Malaysian Resources Corp Bhd (MRCB) (1651) plans to undertake its biggest development project ever in the Klang Valley by as early as next year.
The planned project is expected to dwarf MRCB's flagship Kuala Lumpur Sentral (KL Sentral) transport hub in Brickfields.
Group managing director Shahril Ridza Ridzuan said MRCB will use part of the RM566 million raised from a rights issue to buy land for the development.
"We are planning the next big thing after KL Sentral. It would be something more exciting and bigger than any of our existing projects," Shahril said.
KL Sentral is due to complete by 2015/2016.
"We are looking at a few plots of land. Depending on the land size and location, we will decide on the best development to do," Shahril said in an interview with Business Times in Kuala Lumpur recently.
He said the group is also buying land for new commercial and residential projects in 2010.
MRCB, which has RM7 billion worth of construction jobs in hand, has proposed to offer up to 483 million new shares at an issue price of RM1.172 each.
The fund-raising exercise is targeted for completion in the first quarter of next year.
MRCB will use some of the proceeds to fund the RM800 million
Nu Mall project at KL Sentral and expand its environmental engineering and infrastructure business.
For infrastructure development, Shahril said MRCB will bid for the RM7 billion Klang Valley Light Rail Transit (LRT) extension project.
He said tenders for pre-qualification will be out soon.
"We will bid for the project either as a whole package, or in smaller packages. It would depend on what the government wants," Shahril said.
MRCB is also trying to build up its asset portfolio.

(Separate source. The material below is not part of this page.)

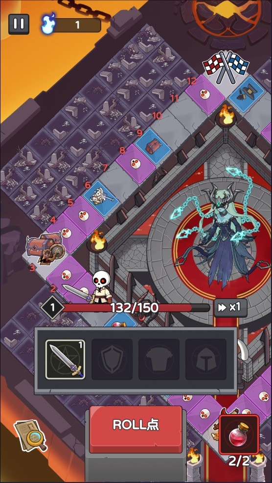 1、玩家通过掷骰子来决定前进步数,并进行战斗。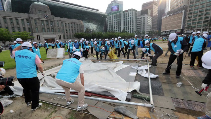 自保守派公民團體1月21日非法占用首爾廣場以來,首爾市政府先后22次向他們下達了要求自行拆除的通告,均遭到拒絕。因此,政府不得不根據相關管理條例實行強拆。

It now manages three office towers at KL Sentral and one in Shah Alam. By 2011, it would manage four new towers at KL Sentral, currently under construction.
Shahril ruled out injecting the properties into a real estate investment trust (REIT).
"We are already doing a similar structure and concept as a REIT. We are managing properties for investors for a management fee. We like what we are doing and would build on that," he said.